Ma se anche la vittoria del no si potesse dare per certa, la sequenza di Prodi resterebbe oscura, non per quello che dice ma per quello che non dice. Che ogni Costituzione, compresa la nostra, possa essere riformata è ovvio, che debba essere riformata in modo condiviso è giusto (anche se fin qui, dopo il fallimento della bicamerale, sia il centrodestra sia il centrosinistra l'hanno modificata a maggioranza). Come la nostra «splendida» Costituzione debba essere riformata dopo più di un decennio speso, nel centrodestra e in larga parte del centrosinistra, a delegittimarla, è invece il non detto che pesa sul dopo-referendum e sul quale Prodi, come tutti i laeder di centrosinistra, glissa.
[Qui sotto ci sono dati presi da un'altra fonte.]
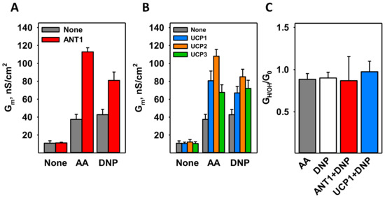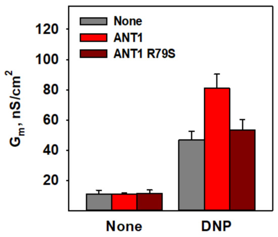 Figure 2A shows that the specific conductance of membranes containing DNP in the presence of ANT1 (ANT1 + DNP, red column; Gm = 80.9 ± 9.4 nS/cm2) was approximately double that of membranes containing only DNP at a concentration of 50 µM (DNP, gray column; Gm = 42.7 ± 5.9 nS/cm2). Until now, only FAs have been shown to activate ANT1 directly (Figure 2A) [18,26,51,52].

Non glissa invece la cultura giuridica e costituzionale che al centrosinistra fa riferimento, che da anni evidenzia questo colpevole processo di delegittimazione, e che oggi è convinta che la vittoria del no al referendum sia cruciale ma non garantisca affatto che le cose prendano una giusta piega in seguito. Ancora giovedì scorso, mentre Prodi presentava il suo governo al senato, un incontro promosso a Roma dalla Fondazione Basso e introdotto da Luigi Ferrajoli ha fatto il punto della questione. E il punto non è solo liquidare una controriforma che fa a pezzi il principio d'uguaglianza tramite la devolution, dà tutti i poteri al premier, mortifica il parlamento, paralizza il processo legislativo. Il punto è, o sarebbe, invertire quel processo di delegittimazione, rilanciando la Carta del '48 nei suoi principi fondamentali, a partire dall'uguaglianza (tradita del resto anche tramite legge ordinaria, si pensi alla legge 40). Un rilancio che richiederebbe insieme una buona «restaurazione culturale» e una buona riforma, in grado di agganciare la Costituzione italiana alla Carta dei diritti europea (Stefano Rodotà, Giuseppe Bronzini).
Ma è questa la riforma di cui (non) parlano Prodi e gli altri leader del centrosinistra, o è una riforma che punta solo a moderare gli eccessi di quella berlusconiana, confermandone la sostanza quanto a verticalizzazione dei poteri, svuotamento della rappresentanza, riduzione dell'uguaglianza? Prima di chiamarci alle urne, la nuova maggioranza dovrebbe provarsi a dissipare questi dubbi.